## Recorded data
______________________________
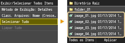 | Quando você tocar em <Data/Hora (Crescente)> ou <Data/Hora (Decrescente)>, os arquivos são classificados com base na data e horário de modificação dos arquivos. |
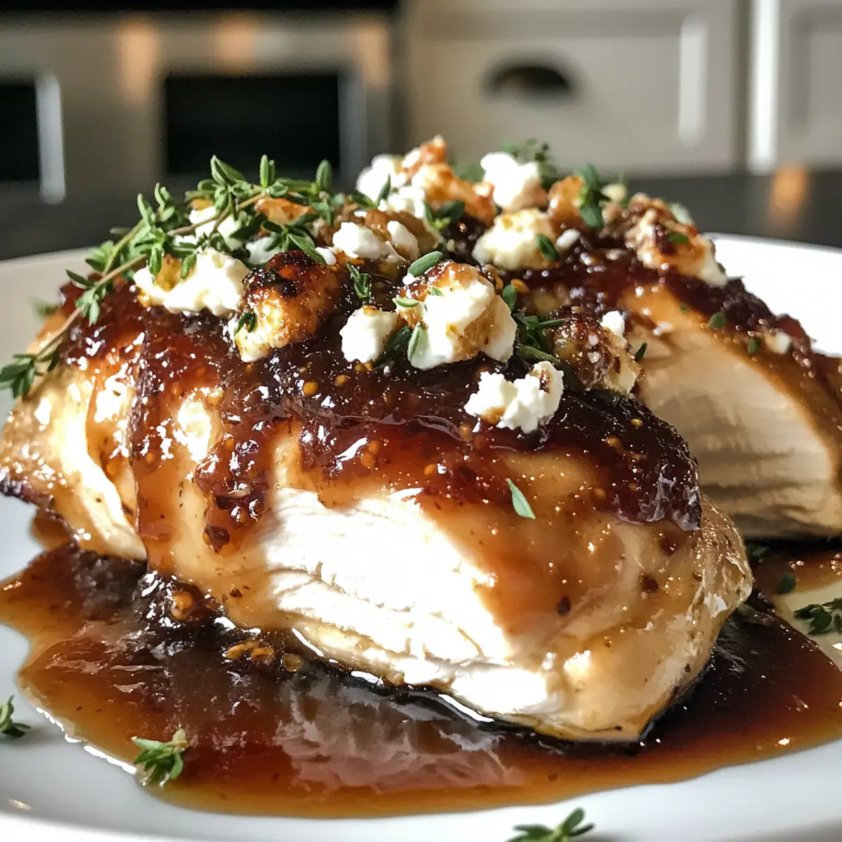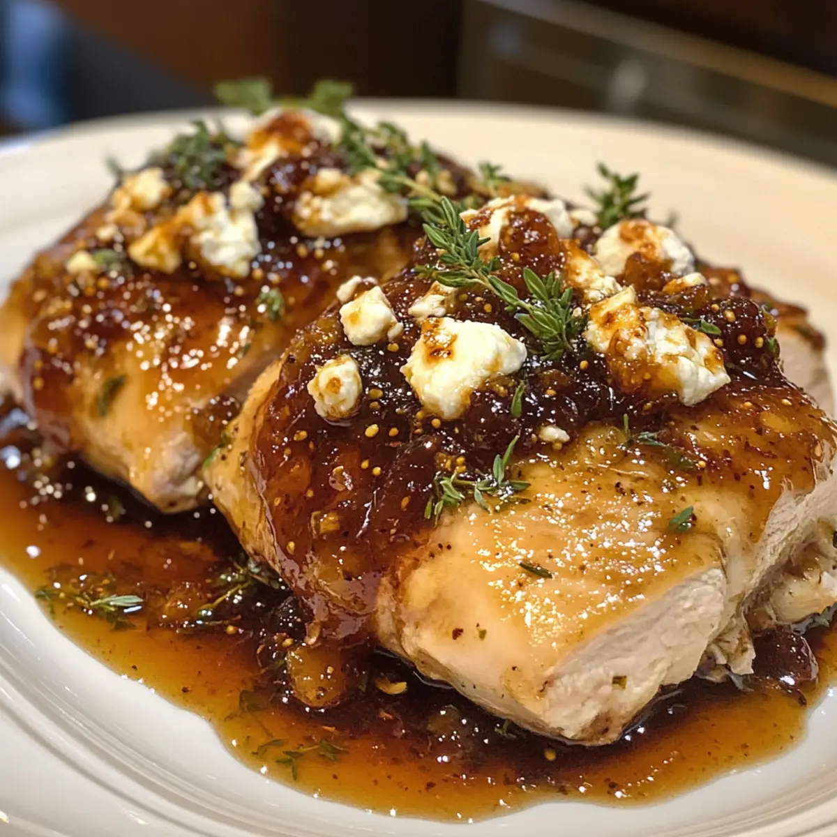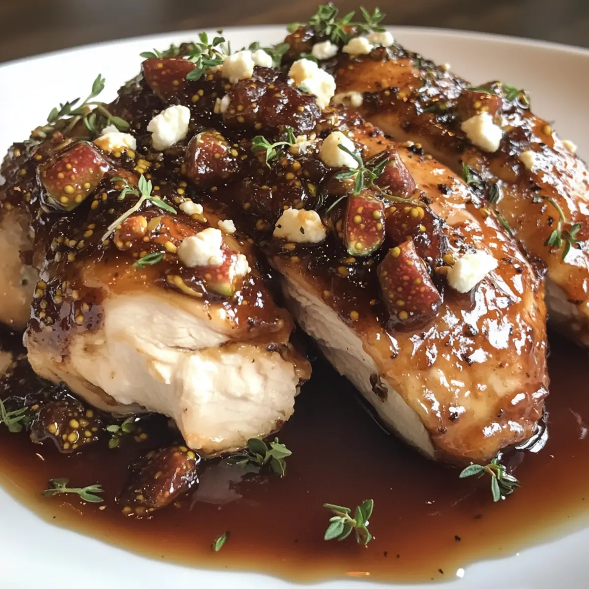 7. Once done, serve the chicken with the fig sauce drizzled over and garnish with thyme.
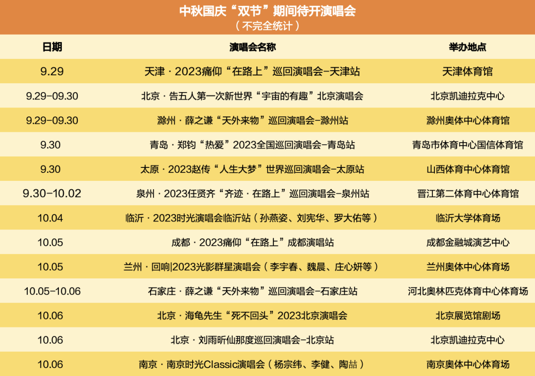 就已公开发布的演出项目和中国演出行业协会演出票务信息采集平台实时数据,在即将到来的中秋国庆“双节”,各大专业剧场、演艺新空间、演唱会、音乐节以及旅游演艺项目都呈积极上升态势。据不完全统计,中秋国庆“双节”期间,包括告五人、薛之谦、郑钧、任贤齐等组合或歌手的演唱会,还将在北京、天津、青岛、成都等地火热开启。
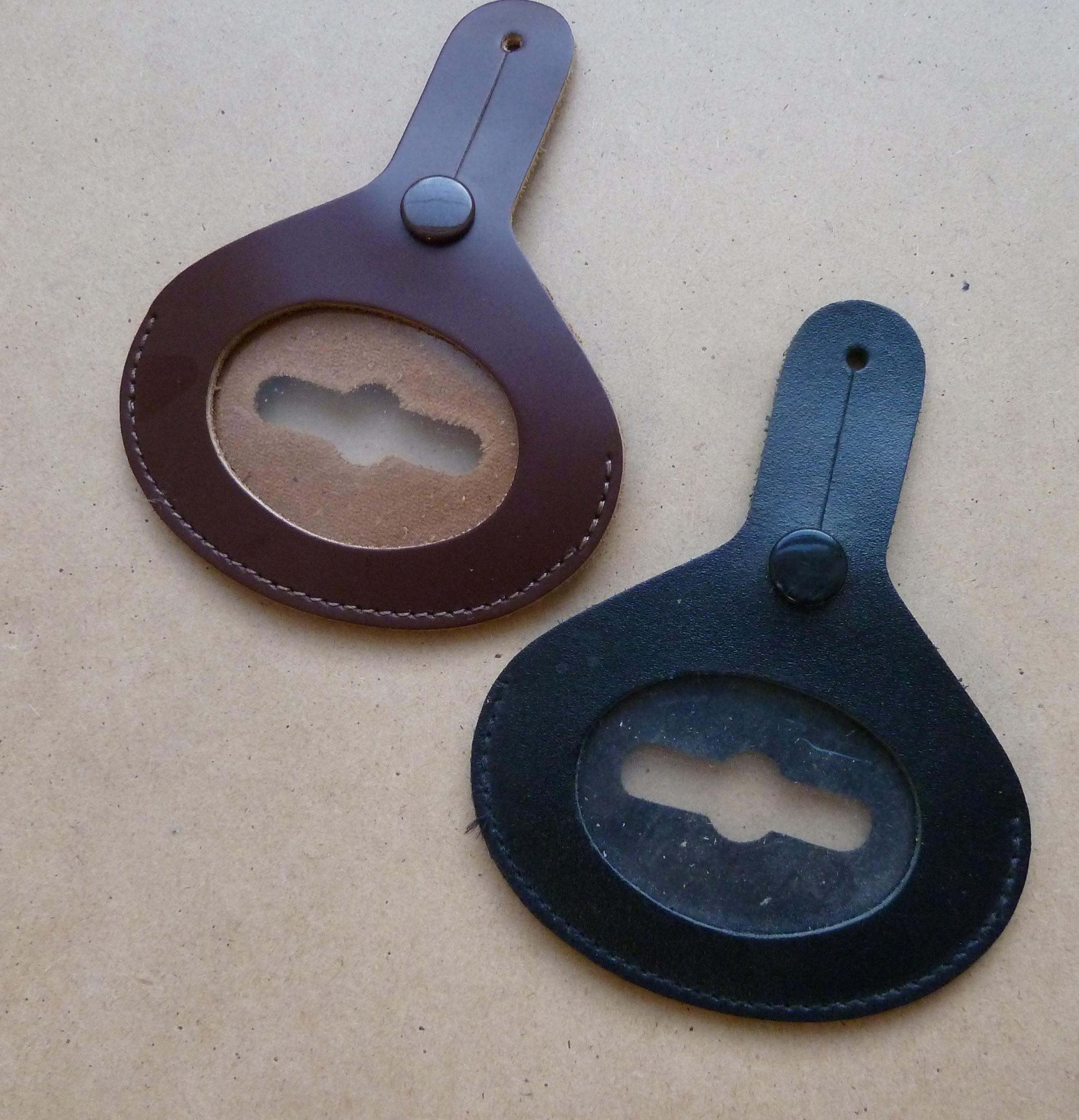 Taxi cabbie driver oval badge holder Leather holder for oval taxi cabbie driver badges with front plastic window.
______________________________
## Problem requirements
Take the line with "7. Once done, serve" and each line after it through the end of the material above, and reproduce them exactly, both ends included, without pictures.

## Result
 7. Once done, serve the chicken with the fig sauce drizzled over and garnish with thyme.
 就已公开发布的演出项目和中国演出行业协会演出票务信息采集平台实时数据,在即将到来的中秋国庆“双节”,各大专业剧场、演艺新空间、演唱会、音乐节以及旅游演艺项目都呈积极上升态势。据不完全统计,中秋国庆“双节”期间,包括告五人、薛之谦、郑钧、任贤齐等组合或歌手的演唱会,还将在北京、天津、青岛、成都等地火热开启。
 Taxi cabbie driver oval badge holder Leather holder for oval taxi cabbie driver badges with front plastic window.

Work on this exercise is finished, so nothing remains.